Que les maux que connaît le littoral guyanais en matière de production et de desserte électriques sont multipliés par deux ou par trois quant il s’agit des communes enclavés (Apatou, Grand-Santi, Papaïchton, Maripasoula, Saül, KAW, Régina, Ouanary, St Georges, Camopi)
Que les contrats de concession entre les communes ou les syndicats de commune et l’EDF doivent être dénoncés car 15% de la population sur le littoral et 35% de la population dans les communes enclavées n’ont pas accès au produit de première nécessité qui est l’électricité.
Que le syndicat mixte de l’électricité représentant les différentes communes de la Guyane face à l’EDF, n’est toujours pas encore créé malgré le grand OUI du congrès sur l’énergie.
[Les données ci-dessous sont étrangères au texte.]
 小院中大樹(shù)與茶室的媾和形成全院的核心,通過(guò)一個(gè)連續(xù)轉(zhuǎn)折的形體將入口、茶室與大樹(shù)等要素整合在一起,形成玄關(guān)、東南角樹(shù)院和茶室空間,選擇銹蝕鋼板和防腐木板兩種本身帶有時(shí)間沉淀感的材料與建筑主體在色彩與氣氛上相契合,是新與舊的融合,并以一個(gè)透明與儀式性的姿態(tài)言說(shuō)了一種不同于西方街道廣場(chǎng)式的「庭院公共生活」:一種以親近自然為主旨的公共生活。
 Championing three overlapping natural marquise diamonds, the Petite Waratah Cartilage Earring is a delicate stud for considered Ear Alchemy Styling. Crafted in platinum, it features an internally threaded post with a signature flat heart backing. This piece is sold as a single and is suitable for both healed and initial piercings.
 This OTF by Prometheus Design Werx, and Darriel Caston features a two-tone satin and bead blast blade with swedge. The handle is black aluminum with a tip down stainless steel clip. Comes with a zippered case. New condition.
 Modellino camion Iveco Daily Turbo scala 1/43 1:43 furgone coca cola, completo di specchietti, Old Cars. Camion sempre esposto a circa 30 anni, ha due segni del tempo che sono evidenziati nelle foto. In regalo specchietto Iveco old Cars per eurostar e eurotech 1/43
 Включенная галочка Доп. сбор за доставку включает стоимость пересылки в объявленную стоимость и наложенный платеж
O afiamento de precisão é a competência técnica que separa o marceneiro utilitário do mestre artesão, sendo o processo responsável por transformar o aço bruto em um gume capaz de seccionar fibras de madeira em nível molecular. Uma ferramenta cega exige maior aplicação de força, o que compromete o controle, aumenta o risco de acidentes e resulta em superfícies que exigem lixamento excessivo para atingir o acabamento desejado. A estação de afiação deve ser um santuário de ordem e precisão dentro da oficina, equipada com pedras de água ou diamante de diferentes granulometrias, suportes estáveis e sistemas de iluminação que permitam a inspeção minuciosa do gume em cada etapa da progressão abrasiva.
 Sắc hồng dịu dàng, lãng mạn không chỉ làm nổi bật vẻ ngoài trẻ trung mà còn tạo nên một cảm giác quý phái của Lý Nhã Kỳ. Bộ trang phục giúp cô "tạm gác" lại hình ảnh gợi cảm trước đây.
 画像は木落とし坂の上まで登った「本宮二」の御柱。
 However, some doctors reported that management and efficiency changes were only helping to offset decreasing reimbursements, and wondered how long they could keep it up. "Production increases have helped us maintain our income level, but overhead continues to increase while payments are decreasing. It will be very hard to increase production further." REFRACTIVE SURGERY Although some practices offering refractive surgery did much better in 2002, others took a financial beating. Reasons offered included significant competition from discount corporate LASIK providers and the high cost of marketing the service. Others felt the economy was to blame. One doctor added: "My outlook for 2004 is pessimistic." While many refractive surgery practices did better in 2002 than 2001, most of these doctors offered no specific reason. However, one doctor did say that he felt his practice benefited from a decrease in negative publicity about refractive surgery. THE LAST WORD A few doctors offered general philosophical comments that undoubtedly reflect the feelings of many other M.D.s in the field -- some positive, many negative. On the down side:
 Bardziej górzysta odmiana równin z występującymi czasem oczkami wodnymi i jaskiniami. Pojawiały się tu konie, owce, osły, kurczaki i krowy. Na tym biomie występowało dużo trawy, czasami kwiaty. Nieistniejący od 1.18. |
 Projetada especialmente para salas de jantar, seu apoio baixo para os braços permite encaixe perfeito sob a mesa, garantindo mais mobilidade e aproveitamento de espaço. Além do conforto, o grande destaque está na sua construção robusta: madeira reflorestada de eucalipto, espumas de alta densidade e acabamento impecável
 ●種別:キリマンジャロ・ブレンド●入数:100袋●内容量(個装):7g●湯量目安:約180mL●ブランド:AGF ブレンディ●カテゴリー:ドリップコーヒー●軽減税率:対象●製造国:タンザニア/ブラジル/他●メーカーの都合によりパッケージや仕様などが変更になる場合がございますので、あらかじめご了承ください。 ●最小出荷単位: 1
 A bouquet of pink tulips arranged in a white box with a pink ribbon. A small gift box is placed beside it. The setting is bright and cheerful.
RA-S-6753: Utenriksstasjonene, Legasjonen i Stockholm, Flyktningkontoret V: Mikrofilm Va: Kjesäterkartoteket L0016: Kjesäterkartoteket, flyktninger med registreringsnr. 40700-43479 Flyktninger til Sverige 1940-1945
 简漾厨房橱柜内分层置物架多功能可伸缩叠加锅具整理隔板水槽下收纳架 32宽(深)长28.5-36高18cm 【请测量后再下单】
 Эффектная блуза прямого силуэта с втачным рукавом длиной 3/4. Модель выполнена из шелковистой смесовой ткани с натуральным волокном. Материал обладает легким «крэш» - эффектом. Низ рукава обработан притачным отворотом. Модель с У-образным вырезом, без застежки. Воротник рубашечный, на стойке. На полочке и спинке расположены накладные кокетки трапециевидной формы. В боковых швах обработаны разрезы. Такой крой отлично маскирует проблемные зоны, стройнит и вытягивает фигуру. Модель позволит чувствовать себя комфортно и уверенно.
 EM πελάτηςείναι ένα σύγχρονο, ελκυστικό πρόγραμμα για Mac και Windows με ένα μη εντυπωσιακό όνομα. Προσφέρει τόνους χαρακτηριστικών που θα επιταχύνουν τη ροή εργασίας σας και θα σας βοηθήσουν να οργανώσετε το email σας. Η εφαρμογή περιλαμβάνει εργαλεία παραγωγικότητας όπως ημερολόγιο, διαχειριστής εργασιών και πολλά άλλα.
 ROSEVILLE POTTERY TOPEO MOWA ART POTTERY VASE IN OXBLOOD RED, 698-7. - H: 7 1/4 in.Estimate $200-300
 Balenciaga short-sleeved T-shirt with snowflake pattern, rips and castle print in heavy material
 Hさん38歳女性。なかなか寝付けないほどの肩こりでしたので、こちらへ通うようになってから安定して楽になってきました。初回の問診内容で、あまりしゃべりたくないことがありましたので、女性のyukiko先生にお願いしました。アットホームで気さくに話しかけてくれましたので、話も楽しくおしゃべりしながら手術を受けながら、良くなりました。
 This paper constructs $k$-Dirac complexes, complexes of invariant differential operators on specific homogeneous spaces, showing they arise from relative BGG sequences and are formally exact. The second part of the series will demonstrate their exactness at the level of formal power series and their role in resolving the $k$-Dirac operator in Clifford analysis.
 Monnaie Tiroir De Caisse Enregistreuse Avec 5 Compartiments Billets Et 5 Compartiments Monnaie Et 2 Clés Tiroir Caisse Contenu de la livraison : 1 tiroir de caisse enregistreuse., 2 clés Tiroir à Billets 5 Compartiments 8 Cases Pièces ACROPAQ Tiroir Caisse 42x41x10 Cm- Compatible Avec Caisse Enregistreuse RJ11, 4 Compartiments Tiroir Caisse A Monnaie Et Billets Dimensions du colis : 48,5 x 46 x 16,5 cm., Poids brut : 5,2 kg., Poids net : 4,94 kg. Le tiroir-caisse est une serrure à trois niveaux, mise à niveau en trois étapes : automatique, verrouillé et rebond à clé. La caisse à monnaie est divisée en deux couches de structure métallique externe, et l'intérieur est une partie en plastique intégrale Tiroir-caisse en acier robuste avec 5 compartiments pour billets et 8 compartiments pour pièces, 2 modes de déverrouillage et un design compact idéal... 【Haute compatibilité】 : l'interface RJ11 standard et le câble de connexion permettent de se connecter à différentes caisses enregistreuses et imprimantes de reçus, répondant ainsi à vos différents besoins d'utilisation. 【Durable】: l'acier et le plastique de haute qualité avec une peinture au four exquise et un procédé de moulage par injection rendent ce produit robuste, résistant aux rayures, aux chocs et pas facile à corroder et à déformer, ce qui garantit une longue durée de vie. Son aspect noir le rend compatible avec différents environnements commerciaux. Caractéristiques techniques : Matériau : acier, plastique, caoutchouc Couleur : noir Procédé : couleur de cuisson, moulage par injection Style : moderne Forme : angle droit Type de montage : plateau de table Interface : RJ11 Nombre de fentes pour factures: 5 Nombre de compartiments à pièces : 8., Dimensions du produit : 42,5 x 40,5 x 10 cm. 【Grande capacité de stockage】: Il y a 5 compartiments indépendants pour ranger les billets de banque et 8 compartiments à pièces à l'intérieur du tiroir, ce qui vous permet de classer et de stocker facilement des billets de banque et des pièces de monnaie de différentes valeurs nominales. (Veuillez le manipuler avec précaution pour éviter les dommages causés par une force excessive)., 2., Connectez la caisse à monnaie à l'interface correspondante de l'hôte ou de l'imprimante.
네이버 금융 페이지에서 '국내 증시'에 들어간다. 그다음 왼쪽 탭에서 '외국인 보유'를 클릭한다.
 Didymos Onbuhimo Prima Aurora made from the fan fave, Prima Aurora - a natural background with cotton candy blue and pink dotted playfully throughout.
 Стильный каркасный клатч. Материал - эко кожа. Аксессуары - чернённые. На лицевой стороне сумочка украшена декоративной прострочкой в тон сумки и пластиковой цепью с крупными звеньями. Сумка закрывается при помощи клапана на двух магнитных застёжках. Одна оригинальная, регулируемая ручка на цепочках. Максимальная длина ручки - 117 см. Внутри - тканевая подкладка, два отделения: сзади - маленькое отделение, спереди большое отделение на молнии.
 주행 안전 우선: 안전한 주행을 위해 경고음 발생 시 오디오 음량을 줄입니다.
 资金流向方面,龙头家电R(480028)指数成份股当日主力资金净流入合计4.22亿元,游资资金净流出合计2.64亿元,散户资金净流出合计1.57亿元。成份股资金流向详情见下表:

Le Maire de St Laurent du Maroni en tant que président de la CCOG bloque tout le processus.
Les problèmes et les solutions sont connus de tous, l’immobilisme et le manque de courage politique entrainent et entraineront des conséquences graves pour la sécurité des biens et des personnes comme ça été le cas la nuit du 24 décembre 2010 à St Laurent du Maroni.
Ne pas avoir un système de production électrique fiable répondant aux caractéristiques endogènes de la Guyane est un frein au développement…c’est un des instruments du sous développement structurel de la Guyane.